Last updated: 3/21/2025

Three'd

"3D is a waste of a perfectly good dimension" - Roger Ebert (quoted by Mark Kermode)

A technique of film making that enhances the illusion of depth within the film. It is achieved by recording the film images from two perspectives, or by artificially applying the effect in post production with computer imagery, and replaying the images through specialised movie projectors. It also requires the viewer to wear special eyewear.

In Dr K's opinion it is a (mostly) unnecessary gimmick, that induces headaches and causes a 30% light loss.

Films which Mark admits have been improved by the use of 3D include Gravity and Hugo. Indeed, at the very start of the new 3D era, Mark advocated that films made in 3D should be seen in 3D - notable examples included Bolt ("if you see Bolt, the way to see it is in 3D"); Monsters Versus Aliens; Meet The Robinsons and Journey To The Center Of The Earth. In fact, Meet The Robinsons featured this famously chippy exchange:

MARK: Need to see it in 3D because it's not much good in 2D.

SIMON: What does that add if it's in 3D?

MARK: Well, it adds three dimensions Simon.

SIMON: But how do you enjoy it more if something pops out at you?

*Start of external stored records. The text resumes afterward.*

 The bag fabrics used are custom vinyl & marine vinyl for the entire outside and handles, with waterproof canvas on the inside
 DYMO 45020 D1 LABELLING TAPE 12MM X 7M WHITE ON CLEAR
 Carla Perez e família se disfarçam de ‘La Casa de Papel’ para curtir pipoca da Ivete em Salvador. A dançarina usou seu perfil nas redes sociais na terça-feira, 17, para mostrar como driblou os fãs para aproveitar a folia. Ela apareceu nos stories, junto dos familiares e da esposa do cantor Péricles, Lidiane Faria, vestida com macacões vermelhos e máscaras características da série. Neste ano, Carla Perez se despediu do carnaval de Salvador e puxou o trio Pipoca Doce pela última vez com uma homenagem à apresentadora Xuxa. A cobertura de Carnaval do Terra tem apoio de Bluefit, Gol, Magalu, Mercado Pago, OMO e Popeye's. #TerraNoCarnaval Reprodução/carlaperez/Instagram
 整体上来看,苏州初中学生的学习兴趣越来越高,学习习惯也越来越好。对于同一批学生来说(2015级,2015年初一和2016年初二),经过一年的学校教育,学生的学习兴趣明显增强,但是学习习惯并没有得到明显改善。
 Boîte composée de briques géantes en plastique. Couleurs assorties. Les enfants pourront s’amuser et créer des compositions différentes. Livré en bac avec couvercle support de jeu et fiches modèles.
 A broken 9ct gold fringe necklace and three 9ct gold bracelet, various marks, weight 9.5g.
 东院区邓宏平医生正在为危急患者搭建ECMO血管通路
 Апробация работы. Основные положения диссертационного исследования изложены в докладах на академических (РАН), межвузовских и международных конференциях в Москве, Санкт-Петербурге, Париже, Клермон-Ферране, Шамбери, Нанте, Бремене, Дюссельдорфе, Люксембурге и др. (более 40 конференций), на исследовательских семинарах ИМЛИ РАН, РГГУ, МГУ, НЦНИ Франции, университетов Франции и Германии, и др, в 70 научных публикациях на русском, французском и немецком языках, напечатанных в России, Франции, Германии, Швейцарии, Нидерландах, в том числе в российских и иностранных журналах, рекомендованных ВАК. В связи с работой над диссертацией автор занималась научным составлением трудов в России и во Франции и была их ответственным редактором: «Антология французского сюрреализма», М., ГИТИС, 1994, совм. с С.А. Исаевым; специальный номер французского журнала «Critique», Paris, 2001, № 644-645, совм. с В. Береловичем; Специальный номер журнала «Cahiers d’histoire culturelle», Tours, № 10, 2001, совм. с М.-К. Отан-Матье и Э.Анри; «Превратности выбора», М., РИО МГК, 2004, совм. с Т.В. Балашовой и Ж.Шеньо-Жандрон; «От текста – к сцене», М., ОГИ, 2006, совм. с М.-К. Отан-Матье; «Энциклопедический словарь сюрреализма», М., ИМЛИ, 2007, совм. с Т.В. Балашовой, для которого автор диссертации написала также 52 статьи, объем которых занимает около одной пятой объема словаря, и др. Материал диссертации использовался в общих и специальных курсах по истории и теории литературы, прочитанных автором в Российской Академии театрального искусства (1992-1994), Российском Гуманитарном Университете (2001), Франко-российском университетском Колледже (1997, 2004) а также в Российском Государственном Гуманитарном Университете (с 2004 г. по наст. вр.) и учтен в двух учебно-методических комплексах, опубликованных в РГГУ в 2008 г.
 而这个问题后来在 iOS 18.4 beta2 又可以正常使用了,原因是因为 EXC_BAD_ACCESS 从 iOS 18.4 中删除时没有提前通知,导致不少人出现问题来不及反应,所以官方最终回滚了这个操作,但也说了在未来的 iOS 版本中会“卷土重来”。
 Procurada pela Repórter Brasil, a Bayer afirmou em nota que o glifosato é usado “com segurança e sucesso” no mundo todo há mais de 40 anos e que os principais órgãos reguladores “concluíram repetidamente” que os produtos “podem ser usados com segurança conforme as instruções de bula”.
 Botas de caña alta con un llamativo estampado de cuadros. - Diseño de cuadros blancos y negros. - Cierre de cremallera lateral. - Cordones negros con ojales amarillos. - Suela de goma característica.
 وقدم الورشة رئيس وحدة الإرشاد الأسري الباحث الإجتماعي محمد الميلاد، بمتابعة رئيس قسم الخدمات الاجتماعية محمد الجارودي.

MARK: Because you sit there and you go, 'well, there's not a lot happening, but at least it's happening in three dimensions and they've done it quite well.'

It was the aforementioned Monsters Versus Aliens that was the point at which the tide began to turn for Mark, when numerous listener complaints began to stack up about having to pay extra for the 3D glasses: "I’ve gone from being benignly dubious about 3D to being a bit more cross about it. I’d be a lot less cross if it cost exactly the same as all the other movies". A cinema manager contacted the programme to argue that the extra cost was to pay for the technology required to show the films, but Mark was having none of it. Simon Mayo was equally appalled, saying it was comparable to paying for coffee but being charged extra for the cup with which to drink it. Despite all this, Mark still insisted Monsters Versus Aliens had to be seen in 3D though, in the same way that Earthquake had to be seen in Sensurround.

Shortly after Monsters Versus Aliens, Coraline went on release - a film Mark liked very much, but which was promoted heavily as a 3D experience - only for Mark to find he preferred the 2D version. A month or so later, Ice Age 3: Dine Of The Dawnosaurs became the film that cemented Mark's view that he was right - 3D really was just an industry plan to make more money (while pretending it was really just about preventing piracy): "It was the moment at which I finally thought, 'that's it, I'm right - this 3D thing really is for nobody's benefit but the filmmakers. There's just no reason for it to be in 3D at all'." (This meant that successive Ice Age films had been responsible for the death of narrative cinema and the proof that 3D was just a moneymaking gimmick - quite the 1-2).

Meanwhile, Hannah Montana / Miley Cyrus In The Best Of Both Worlds: Concert Tour - 3D is a better 3D concert movie than U2's 3D concert video, because U2's 3D concert video it doesn't have a bit where The Hedge throws his plectrum at the camera.

Any mention of 3D is likely to prompt Mark into pointing out that the format has been tried several times in the past - in the 50's (see House Of Wax), in the 80's (see Jaws

  1. and in the 2000's (see any of James Cameron's home movies) - yet it has never shown staying power.

It just seems to be one of those things that revives itself now and then, rather like Mark's anecdote about The Stewardesses.